* Exercise directions:
Although the records contain pictures, repeat only the text of every line exactly.

(Recorded data)

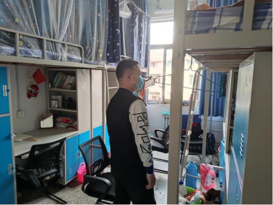 领导老师走进学生宿舍,仔细查看宿舍卫生以及相关设施情况,并和同学们进行了友好交流,亲切询问同学们的日常生活状况,让同学们在开学之际深深感受到了来自老师的关怀和照顾。在检查过程中,仍发现有安全隐患存在,针对隐患,党委副书记王作茂强调,用电安全要时刻注意,我们要做到防患于未然;如今正值春季,春天是各种流行性传染病的高发期,疫情态势也在蔓延,同学们一定要注意保持宿舍卫生,及时通风,做好疫情防控,遇到问题及时与老师沟通,共同营造健康安全的宿舍生活环境。
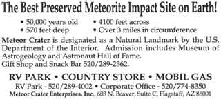 Meteor Crater unweit der I-40. Der Krater hat einen Durchmesser von 1200 und eine Tiefe von 180 Meter. Er entstand durch einen Meteoriteneinschlag vor ungefähr 50.000 Jahren. Es ist ein imposantes Loch in der Weite von Arizona. Ansonsten gibt es nicht sehr viel zu sehen und so fahren wir nach einem kurzen Aufenthalt bei einer Ziegelwand, die sozusagen ein Fenster in die Landschaft darstellt, zum Nachtquartier weiter.
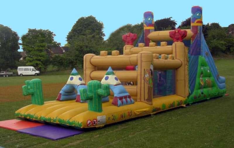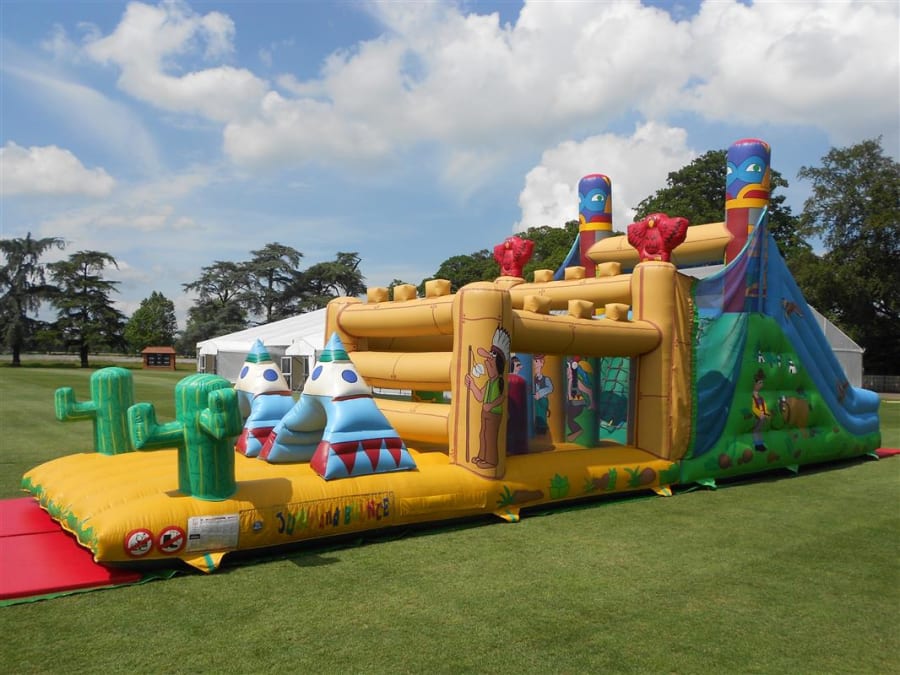 Have you ever wanted to be a Cowboy or Red Indian? Well now is your chance! On this assault course there are wigwams, a scramble net, bounce area, squeeze through, biff-bash, and a 2 metre high slide. Complemented by inflatable cactus trees, totem poles and a tipi theme.
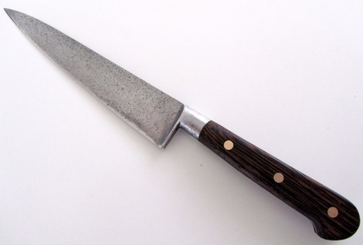 Veitselläni on ikää 26 vuotta. Se kuului Sabatierin veitsisarjaan, joka oli hankittava Cordon Bleu –kokkikoulussa. Veitset on valmistettu hiiliteräksestä, ja niiden kiistaton etu on mahdollisuus korjata teroituspuukolla leikkaamisesta aiheutuva terän kieroutuminen. Vettä nämä hiiliteräkset eivät siedä juuri lainkaan, vaan ruostuvat ja vaurioituvat.
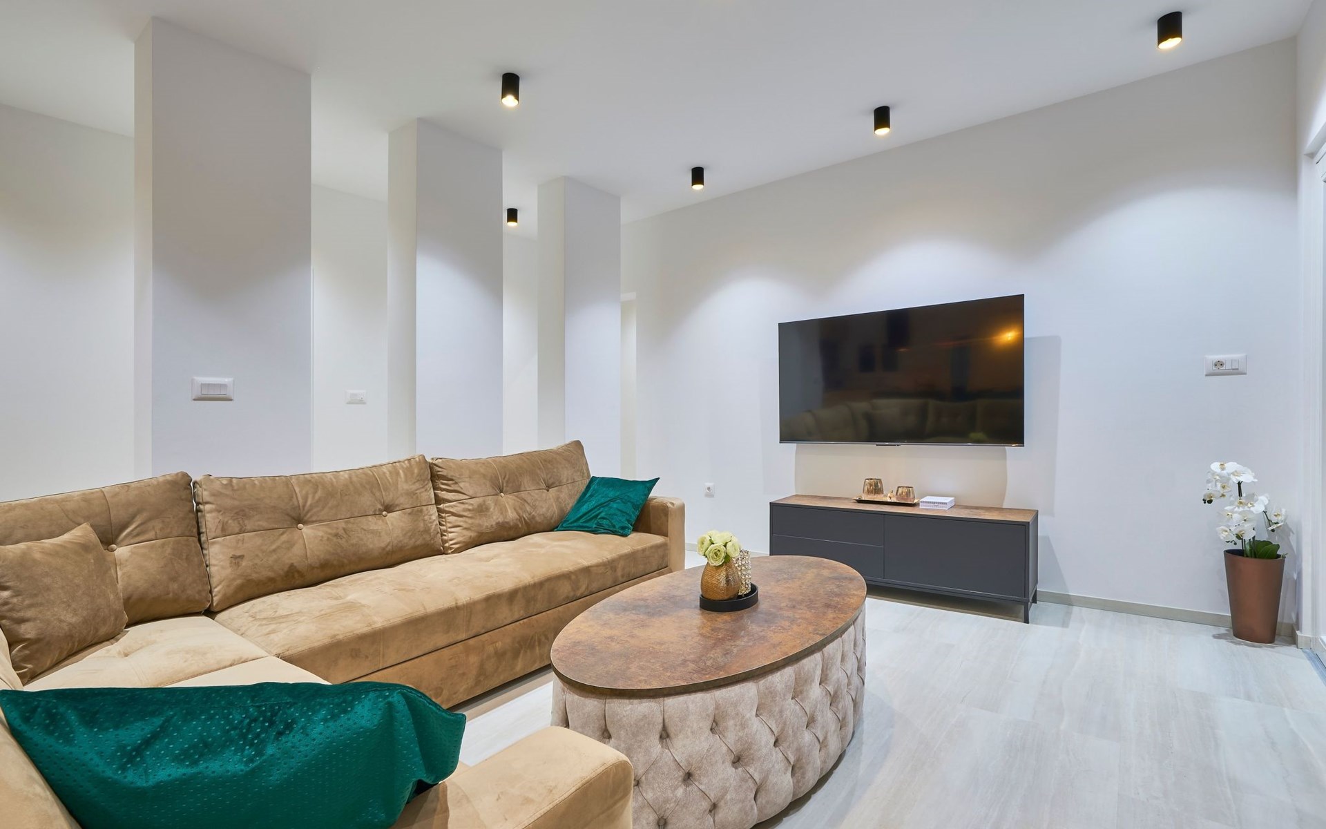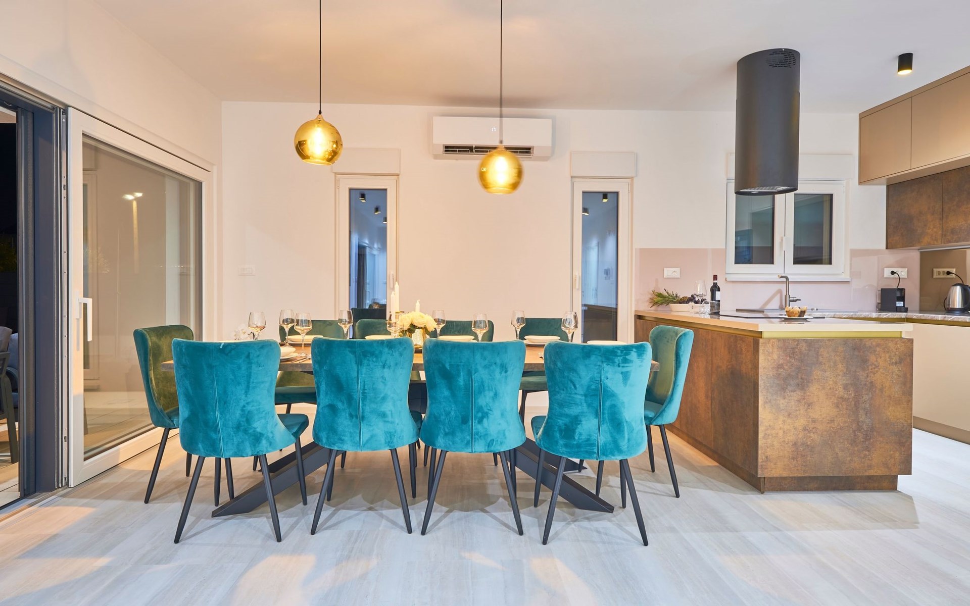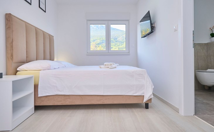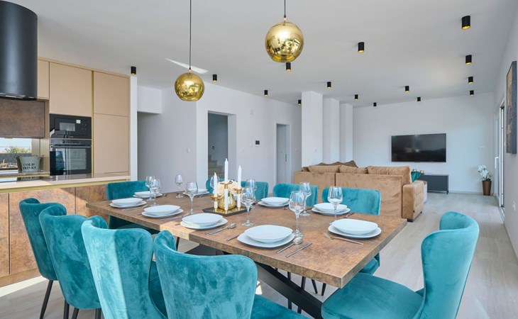 Villa Adria Dream ist eine neu eingerichtete Villa mit 5 Schlafzimmern, die sowohl Komfort als auch Stil bietet. Die Villa erstreckt sich über zwei Etagen und verfügt über ein Erdgeschoss und ein Obergeschoss, wobei jedes Schlafzimmer mit einem eigenen Bad, einer Dusche und einer Klimaanlage ausgestattet ist. Eine voll ausgestattete Küche und ein geräumiges Wohnzimmer bieten die Möglichkeit, Mahlzeiten zuzubereiten und für die ganze Gruppe/Familie zu entspannen.
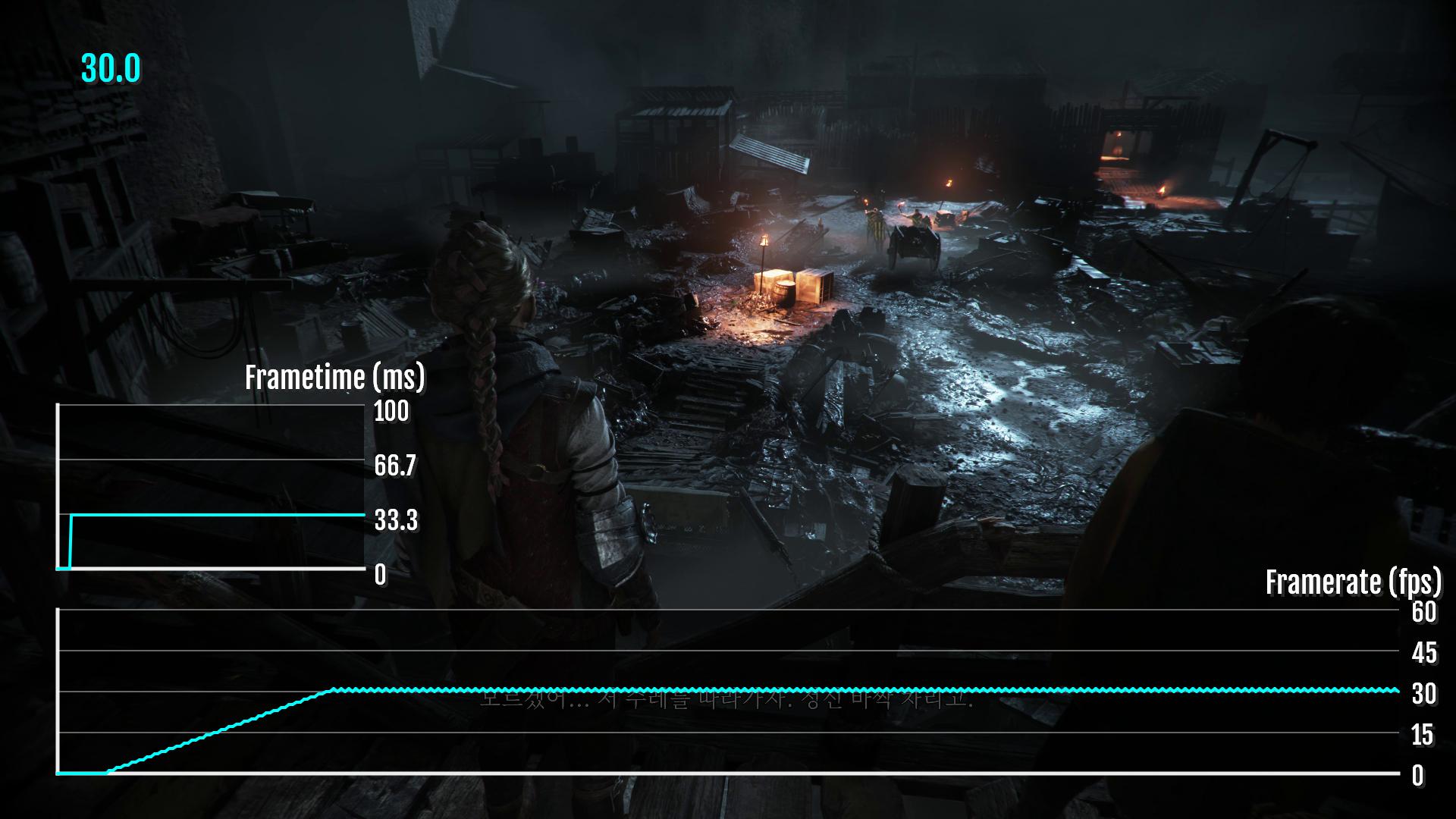 위 스샷에서 첫번째 측정 화면은 프레임 타임이 33.3보다 밑으로 떨어지는 순간이 있습니다.

* Exercise result:
 领导老师走进学生宿舍,仔细查看宿舍卫生以及相关设施情况,并和同学们进行了友好交流,亲切询问同学们的日常生活状况,让同学们在开学之际深深感受到了来自老师的关怀和照顾。在检查过程中,仍发现有安全隐患存在,针对隐患,党委副书记王作茂强调,用电安全要时刻注意,我们要做到防患于未然;如今正值春季,春天是各种流行性传染病的高发期,疫情态势也在蔓延,同学们一定要注意保持宿舍卫生,及时通风,做好疫情防控,遇到问题及时与老师沟通,共同营造健康安全的宿舍生活环境。
 Meteor Crater unweit der I-40. Der Krater hat einen Durchmesser von 1200 und eine Tiefe von 180 Meter. Er entstand durch einen Meteoriteneinschlag vor ungefähr 50.000 Jahren. Es ist ein imposantes Loch in der Weite von Arizona. Ansonsten gibt es nicht sehr viel zu sehen und so fahren wir nach einem kurzen Aufenthalt bei einer Ziegelwand, die sozusagen ein Fenster in die Landschaft darstellt, zum Nachtquartier weiter.
 Have you ever wanted to be a Cowboy or Red Indian? Well now is your chance! On this assault course there are wigwams, a scramble net, bounce area, squeeze through, biff-bash, and a 2 metre high slide. Complemented by inflatable cactus trees, totem poles and a tipi theme.
 Veitselläni on ikää 26 vuotta. Se kuului Sabatierin veitsisarjaan, joka oli hankittava Cordon Bleu –kokkikoulussa. Veitset on valmistettu hiiliteräksestä, ja niiden kiistaton etu on mahdollisuus korjata teroituspuukolla leikkaamisesta aiheutuva terän kieroutuminen. Vettä nämä hiiliteräkset eivät siedä juuri lainkaan, vaan ruostuvat ja vaurioituvat.
 Villa Adria Dream ist eine neu eingerichtete Villa mit 5 Schlafzimmern, die sowohl Komfort als auch Stil bietet. Die Villa erstreckt sich über zwei Etagen und verfügt über ein Erdgeschoss und ein Obergeschoss, wobei jedes Schlafzimmer mit einem eigenen Bad, einer Dusche und einer Klimaanlage ausgestattet ist. Eine voll ausgestattete Küche und ein geräumiges Wohnzimmer bieten die Möglichkeit, Mahlzeiten zuzubereiten und für die ganze Gruppe/Familie zu entspannen.
 위 스샷에서 첫번째 측정 화면은 프레임 타임이 33.3보다 밑으로 떨어지는 순간이 있습니다.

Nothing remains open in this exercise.